▸ **TASK PROMPT**:
Images excepted, the data below must be repeated exactly.

▸ **DATA EXTRACT**:
- - - -

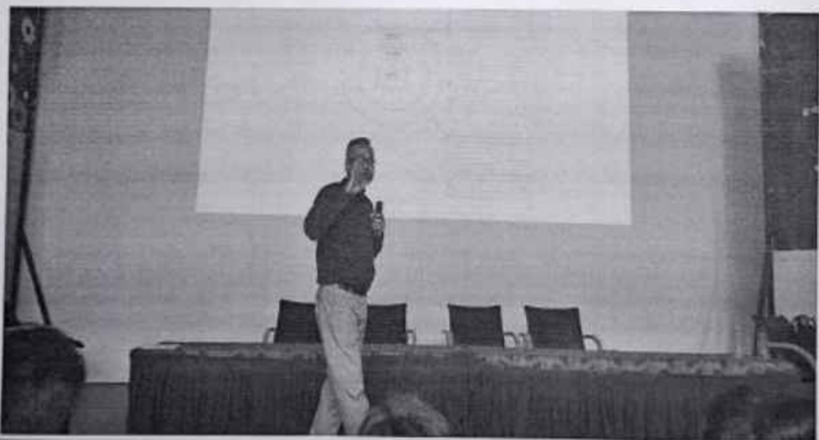
Facilitator explaining Research and IPR
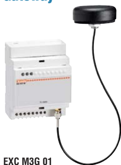
EXC M3G 01
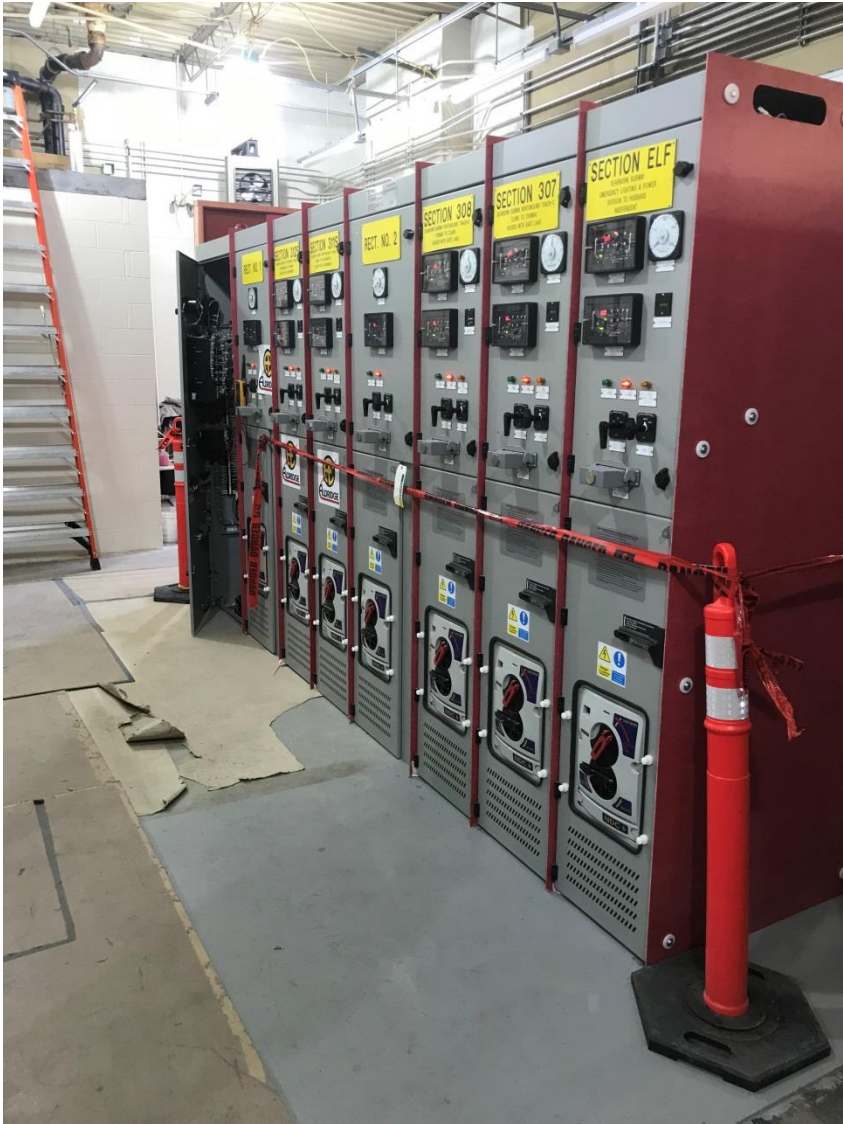
New DC Switchgear Installation at Milwaukee Substation

- - - -

▸ **REPLY**:
Facilitator explaining Research and IPR
EXC M3G 01
New DC Switchgear Installation at Milwaukee Substation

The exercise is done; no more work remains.